Figure 6.. CD99L2 functions at a step in TEM between steps regulated by PECAM and CD99.

(A) Representative orthogonal images of TEM blocked by antibodies against PECAM, L2, and CD99. VE-cadherin (green) marks endothelial monolayer; PMN stained red by anti-CD18 (B – D) Quantification of sequential TEM assay. Transmigration was inhibited by blocking protein interactions sequentially. The color of the left half of the bar represents the first antibody incubation and color of the right half of the bar represents the second antibody incubation. The heights of the bars represent the final TEM count after the second incubation. (B) TEM resumes to control levels after washing away blocking antibodies and treating with non-blocking anti VE-cadherin. (C) Continued inhibition of TEM was seen when blocking PECAM, CD99 or L2 antibody was washed away as in (B) but added back again. (D) Overall TEM of monocytes when first blocking with the antibody against the indicated molecule, then washing it away and blocking with antibody against the indicated second molecule. Note that all of the incubations described for figures B, C, and D were performed at the same time on the same batches of leukocytes and endothelial cells. The data have been separated into three panels to facilitate description. All data are mean +/− SEM of 3 independent experiments. *p<0.0001 vs. VE-Cad/VE-Cad control; ANOVA. Scale bar= 10 μm

Figure 7.. L2 clustering promotes continued TR to sites of TEM.
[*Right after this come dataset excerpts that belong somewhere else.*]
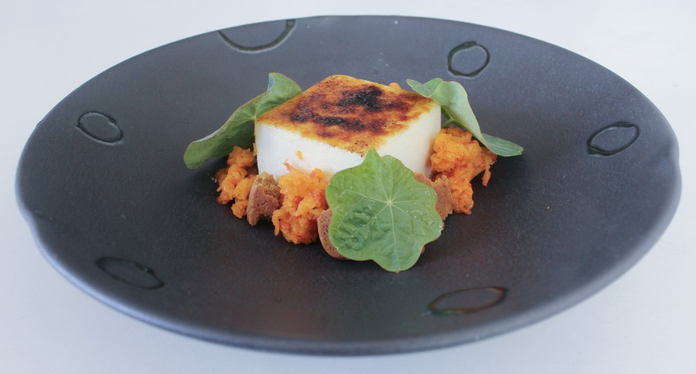 For the parts in this recipe, we have the cheesecake brulee cubes, the sata andagi crumble, the persimmon granita, and the fresh nasturtiums. In terms of time, the cheesecake and the granita probably take the longest amount of time. The granita, you need a ripe hachiya persimmon, and that needs to be frozen solid, so plan for that to be done in advanced before even starting any other component in this recipe. Fortunately, actually making the granita takes 2 seconds and a cheese grater, so it’s really just about getting the persimmon ripe and frozen enough first. The cheesecake needs time to bake and set, but the bigger commitment, similar to the persimmon, is getting it frozen solid so that you can safely remove it from the silicone cube molds. Right before serving, sugar is sprinkled on top and bruleed(make sure you own a blowtorch for this) in a caramelized layer on top. This is important since the bittersweet brulee layer helps to contrast the plainly sweet flavor in the crumble and the granita. The crumble itself came be made while everything else is sitting in the freezer, and comes together fairly easily. You do need to make brown butter and you need to rest the dough for 10 minutes in the fridge prior to baking it, but outside of that, it’s just mixing ingredients together then baking them, and then giving the crumble enough time to cool down so that it’s not super hot/melts the granita. For the nasturtiums, you might be able to get them from a specialty herb store, but mine grew in my garden. Prior to that, I was able to forage nasturtiums(and their gorgeous flowers) relatively easily, but that’s here in Southern California, so their availability in the wild may vary depending on where you live. Worst case, you can try using watercress, which does have a similar pepperiness, instead!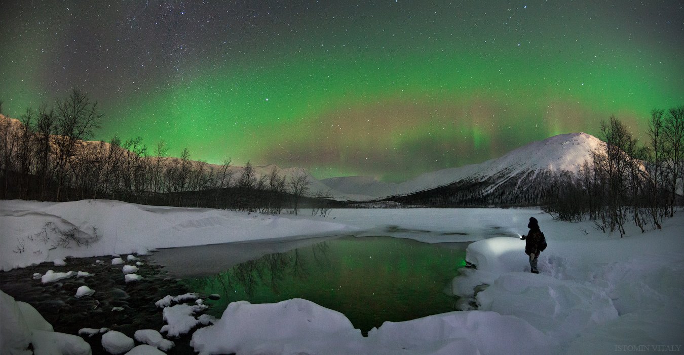 пейзаж,Хибины,ночь,панорама,вода,отражение,звезды,сияние,небо,кольский север,человек,свет,горы,хибины, Виталий Истомин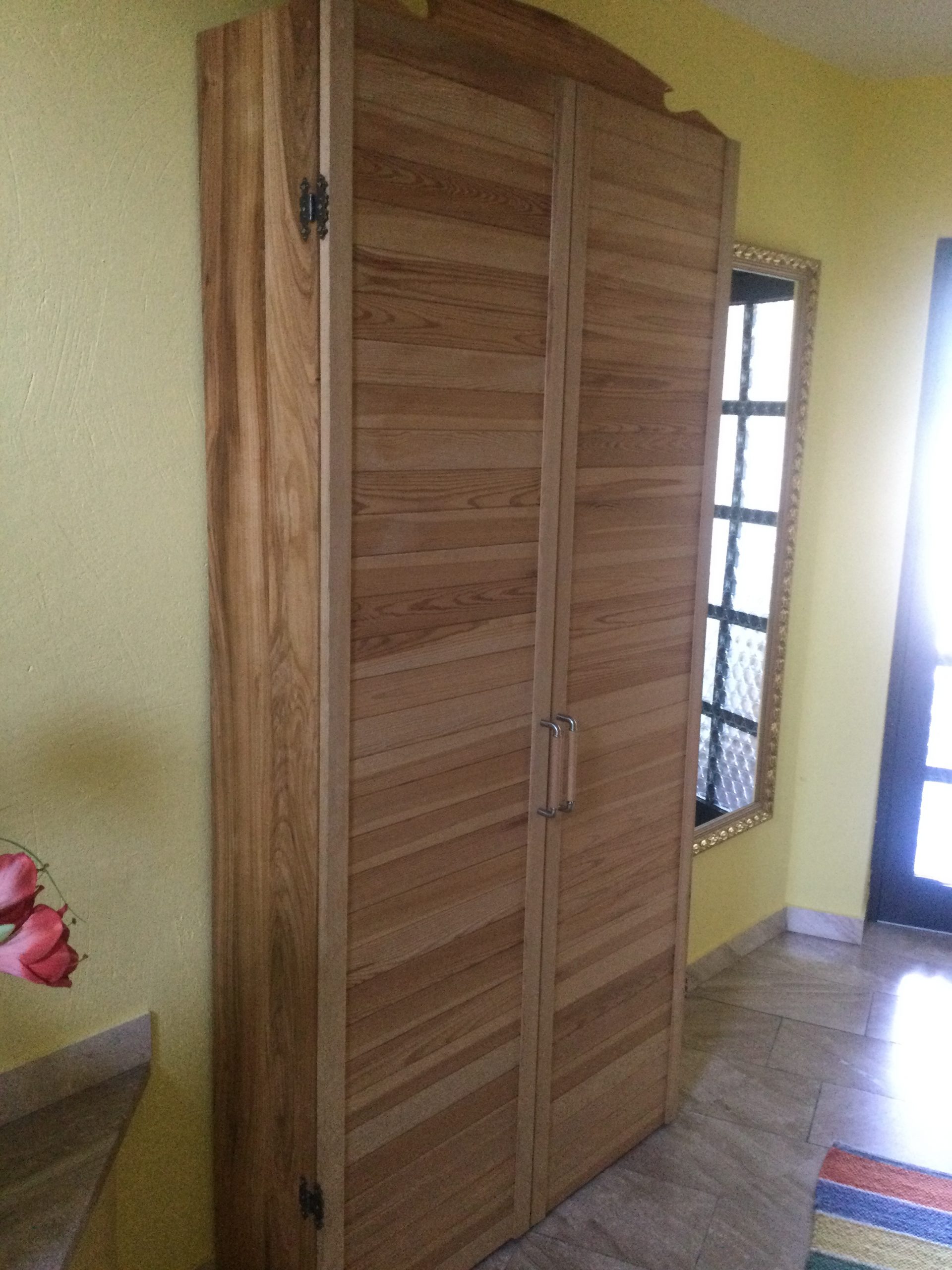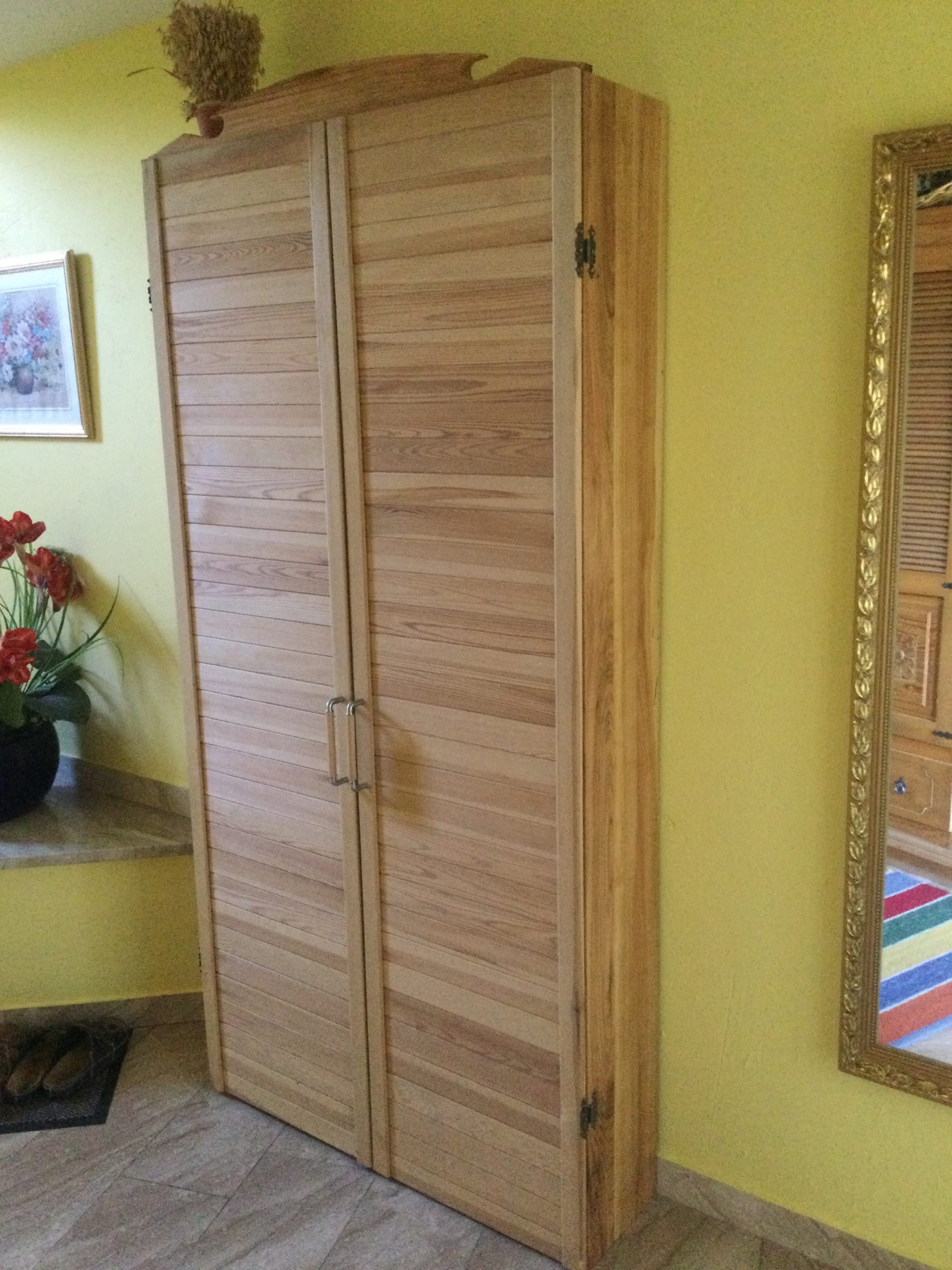 Die Seiten sind aus Kirsche und vom Baum zum Brett alles selbst hergestellt. Es wurden immer 3 Bretter verleimt die Lamellentüren wurden gekauft. Maße: h = 2m, t = 30 cm, b = 1 m.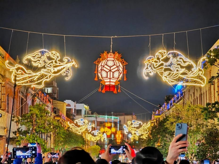 随后,代表们参与了中山路“妙音飞天”装置亮灯仪式,并欣赏了“刺桐幻幕”演出,在璀璨光影中领略了泉州古今交汇的夜色魅力。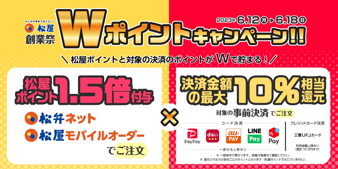 「創業祭Wポイントキャンペーン」は、6月16日の松屋創業日を記念し、1週間の期間中に「松弁ネット」「松屋モバイルオーダー」「松弁デリバリー」でご注文いただいたお客様に、松屋ポイントを通常の1.5倍付与、かつ対象の事前決済でご注文のお客様には各コード決済・クレジットカード決済から決済金額の最大10%相当(※)のポイントが各社から還元されるキャンペーンです。「松弁ネット」は松屋の公式お弁当WEB予約サイト。「松屋モバイルオーダー」は、松屋フーズ公式アプリの機能で、券売機を使わずに、スマホで簡単に、キャッシュレス決済にてご注文いただけるサービスです。券売機に並ぶ必要がないため、混雑時の待ち時間を短縮&じっくり余裕をもって商品をお選びいただけます。この機会にぜひ、ご利用ください。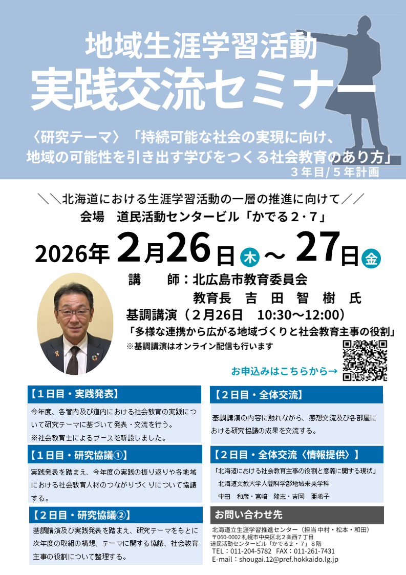- 概要: 北海道における生涯学習活動の一層の推進を図るため、実践事例等の交流を通して、これまでの生涯学習推進上の成果や課題を共有し、次年度の取組について具体的な方策を明らかにする。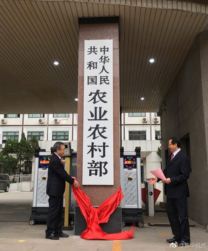 新組建的農業農村部4月3日正式掛牌。韓長賦任部長、黨組書記。(新華社“新華視點”微博 記者 董峻)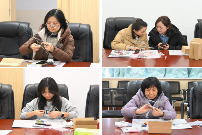 活动期间,女教职工们细心制作,相互交流,在欢声笑语中,一件又一件精美的艺术作品被创造出来,在这个生机勃勃的春天绽放出女性美好的生命力。

(A) Targeted recycling assay was performed on HUVEC monolayers pretreated with control antibody or anti-L2. Monolayers were fixed after 8 – 10 min allowing recruitment of enriched LBRC (red) around migrating leukocyte (green). (B) Quantification of initial LBRC enrichment around migrating leukocytes blocked by anti-L2 is similar to that of control leukocytes transmigrating for the same time. (C) Quantification of TEM assay run in parallel to the targeted recycling assay shows TEM of monocytes was truly blocked. (D-F) Targeted recycling assay run as in A-C but visualizing LBRC movement downstream of L2 blockade. Blocking L2 interaction prevented subsequent targeted recycling of LBRC. Cross-linking L2 (Crosslinked) restores the signal to recruit the LBRC and TEM goes to completion. (See text for details.) Solid arrowheads indicate recruitment of enriched LBRC around migrating monocyte. Open arrowheads indicate lack of recruitment of enriched LBRC. A and D are representative of 3 experiments. Data are mean +/− SEM for 3 independent experiments. *p<0.001 vs. Control; student t-test. Scale bar= 25 μm.